- Location: Jerusalem
- Date: 30 November 1997 – 13 January 1999
- Attack type: Mass stabbing
- Deaths: 2–3
- Injured: 7-8

= 1997–1999 Jerusalem stabbings =

Terrorist incident in Jerusalem

The 1997–99 Jerusalem stabbings were a series of murders and attempted murders in Jerusalem which primarily took place in and around the neighborhood of Mea She'arim.

The grandson of one of the victims, Khairi Alqam, who was named after his grandfather, was responsible for the 2023 East Jerusalem synagogue shooting.

==Description==
The first stabbing occurred in November 1997. The stabbings all took place under similar circumstances; all were either at work or on the way to their workplace. Two of the victims died as a result of the stabbing, while the others were injured to varying degrees of severity.

Jerusalem police concluded that it was a series of "systematic stabbings" by an ultra-orthodox Jew with nationalistic and anti-Palestinian motives.

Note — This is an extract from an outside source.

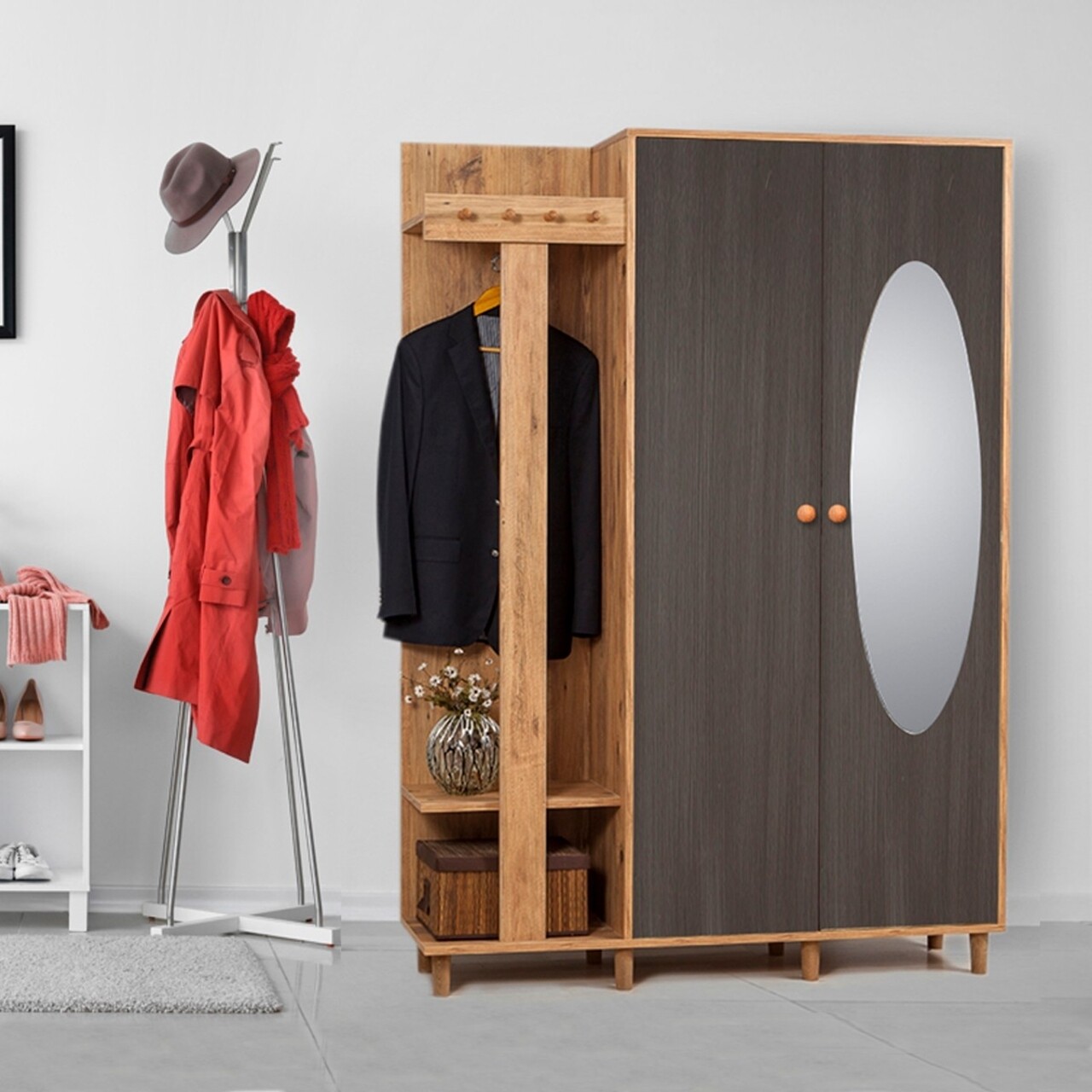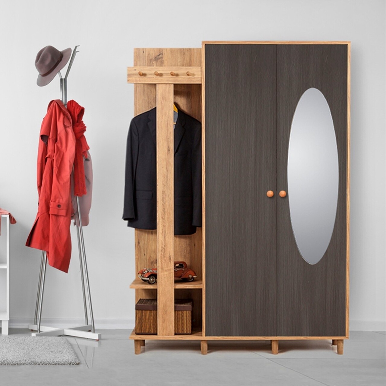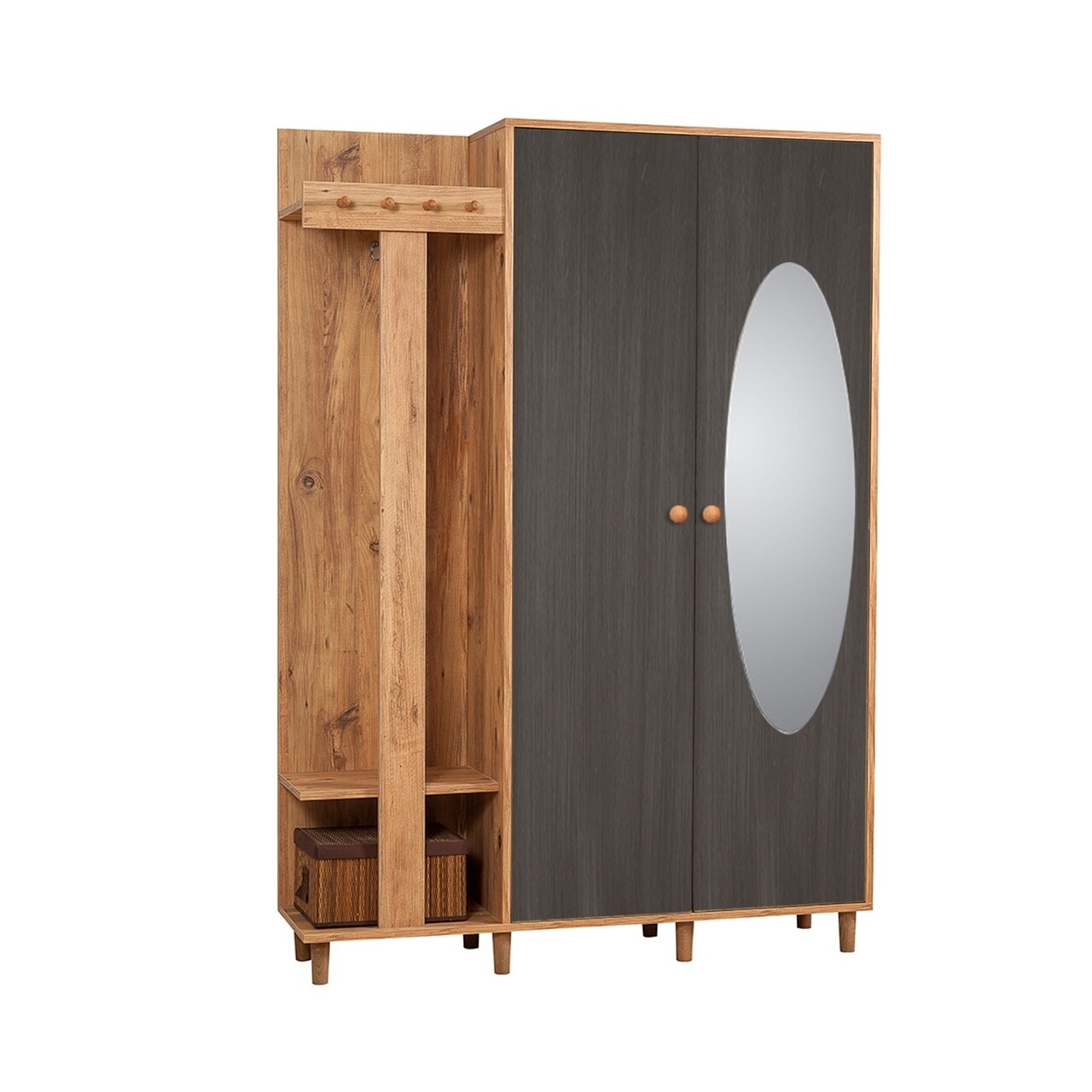 Dulap cu pantofar, cuier si oglinda Garmanto 135 - Atlantic Anthracite, Vella, 135x36x192 cm

The following 10 attacks were all believed to be connected to the "serial stabber" by the Jerusalem police:

- 30 Nov 1997: A Palestinian was stabbed and lightly wounded at the corner of Shmuel HaNavi Street and Shimon Hatzadik.
- 17 Feb 1998: Hamzeh Obeidieh, a 14-year-old Palestinian boy from Shuafat, a worker in a local grocery store, was stabbed and lightly wounded on Mea Shearim's Batei Warsaw Street.
- 10 March 1998: Nasser Bsharat, a 17-year-old Palestinian boy from Jaba', also a grocery store employee, was stabbed and moderately wounded on Reishit Khokhma Street.
- 12 March 1998: Hassan Ka'abneh, a 35-year-old Palestinian man, was stabbed and moderately to severely wounded in Mea Shearim.
- 29 April 1998: Wael Sawahri, a Jordanian-Palestinian visiting his family in East Jerusalem, was stabbed and lightly wounded. Sawahri had just left Bikur Cholim Hospital and was stabbed from behind while walking on Mea She'arim Street.
- 7 May 1998: Nashed Salah, a 38-year-old Palestinian baker, was stabbed at 5 am while walking to work at a bread distributor on Beit Yisrael Street. The knife found by the police bore the name of a Jew who had been killed in the wider conflict. Salah was able to give the police a description of his attacker. Some sources say that Salah died from his wounds, others do not.
- 14 May 1998: Khairi Alqam, a 51 year old Palestinian construction worker from East Jerusalem, was stabbed and killed on Shmuel HaNavi Street. The assailant, armed with a large knife, attacked Alqam from behind early in the morning, as he was on his way to his place of work, a construction site in the Israeli settlement of Ramot, after praying at Al-Aqsa Mosque. The attacker stabbed Alqam repeatedly in the torso. Alqam, collapsed and died on the sidewalk. 25 years later, the grandson of Alqam, who was named after his grandfather, was responsible for the 2023 East Jerusalem synagogue shooting.
- 2 Dec 1998: Osama Natsheh, a 41-year-old Palestinian city street cleaner from Abu Tor was stabbed and killed on Shmuel HaNavi Street. He had left for work at around 5am, and was stabbed shortly after about 30 yards from his home, collapsing on the sidewalk in a pool of blood.
- 13 Jan 1999: A Palestinian from Ras al-Amud was stabbed.

==Investigation==
Most survivors of the attacks said they never did not see the face of their attacker, some said it was covered, but he was consistently identified as looking like an Orthodox Jew.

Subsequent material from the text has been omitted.